> EXERCISE:
Write back every line of the listing exactly, excluding images.

> SUPPLIED MATERIAL:
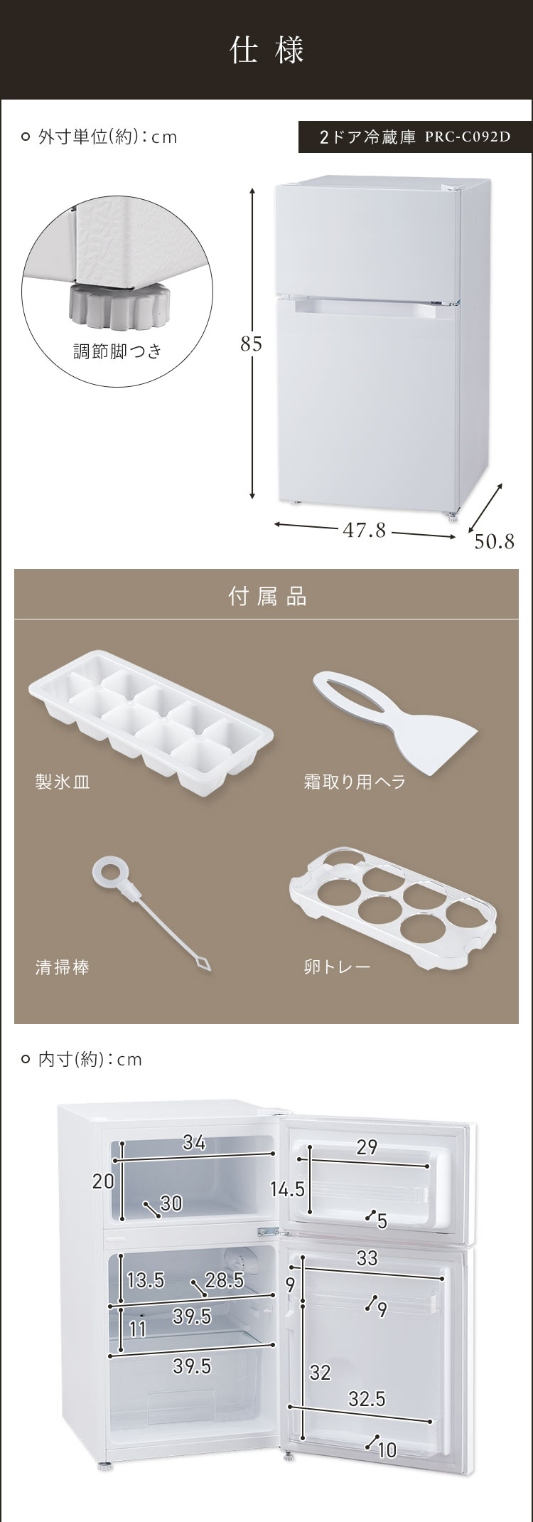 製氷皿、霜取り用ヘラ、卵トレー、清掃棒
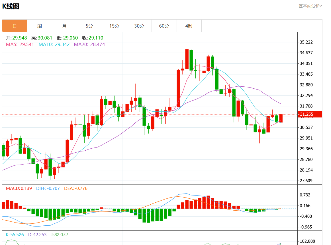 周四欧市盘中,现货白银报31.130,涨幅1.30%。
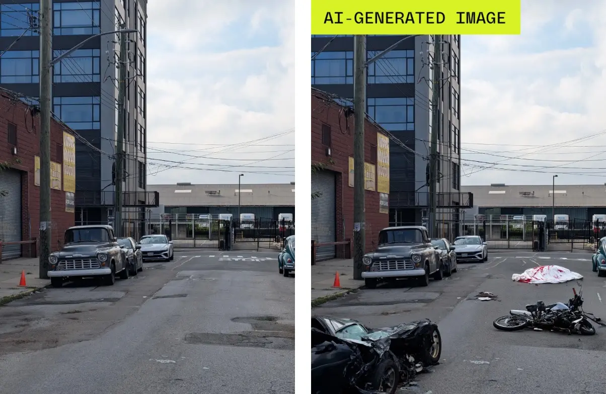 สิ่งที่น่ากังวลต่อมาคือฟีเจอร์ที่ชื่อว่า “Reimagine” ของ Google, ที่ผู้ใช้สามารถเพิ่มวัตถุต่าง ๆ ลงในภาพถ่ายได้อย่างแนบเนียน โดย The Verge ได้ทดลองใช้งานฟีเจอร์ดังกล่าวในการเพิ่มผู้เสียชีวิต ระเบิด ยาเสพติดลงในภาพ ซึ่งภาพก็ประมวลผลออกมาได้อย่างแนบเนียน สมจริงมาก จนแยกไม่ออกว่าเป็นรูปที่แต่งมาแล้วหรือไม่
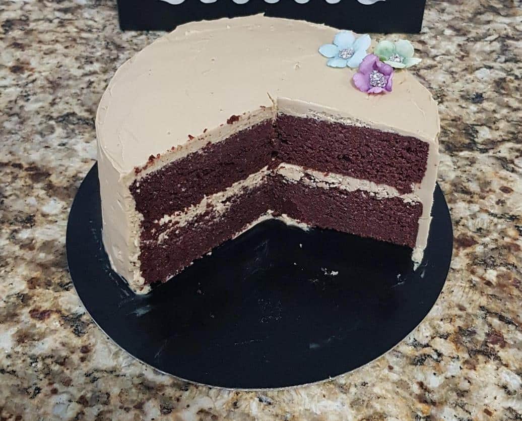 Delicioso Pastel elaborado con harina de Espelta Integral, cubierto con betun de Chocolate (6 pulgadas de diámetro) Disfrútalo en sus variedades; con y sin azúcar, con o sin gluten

> RESPONSE:
 製氷皿、霜取り用ヘラ、卵トレー、清掃棒
 周四欧市盘中,现货白银报31.130,涨幅1.30%。
 สิ่งที่น่ากังวลต่อมาคือฟีเจอร์ที่ชื่อว่า “Reimagine” ของ Google, ที่ผู้ใช้สามารถเพิ่มวัตถุต่าง ๆ ลงในภาพถ่ายได้อย่างแนบเนียน โดย The Verge ได้ทดลองใช้งานฟีเจอร์ดังกล่าวในการเพิ่มผู้เสียชีวิต ระเบิด ยาเสพติดลงในภาพ ซึ่งภาพก็ประมวลผลออกมาได้อย่างแนบเนียน สมจริงมาก จนแยกไม่ออกว่าเป็นรูปที่แต่งมาแล้วหรือไม่
 Delicioso Pastel elaborado con harina de Espelta Integral, cubierto con betun de Chocolate (6 pulgadas de diámetro) Disfrútalo en sus variedades; con y sin azúcar, con o sin gluten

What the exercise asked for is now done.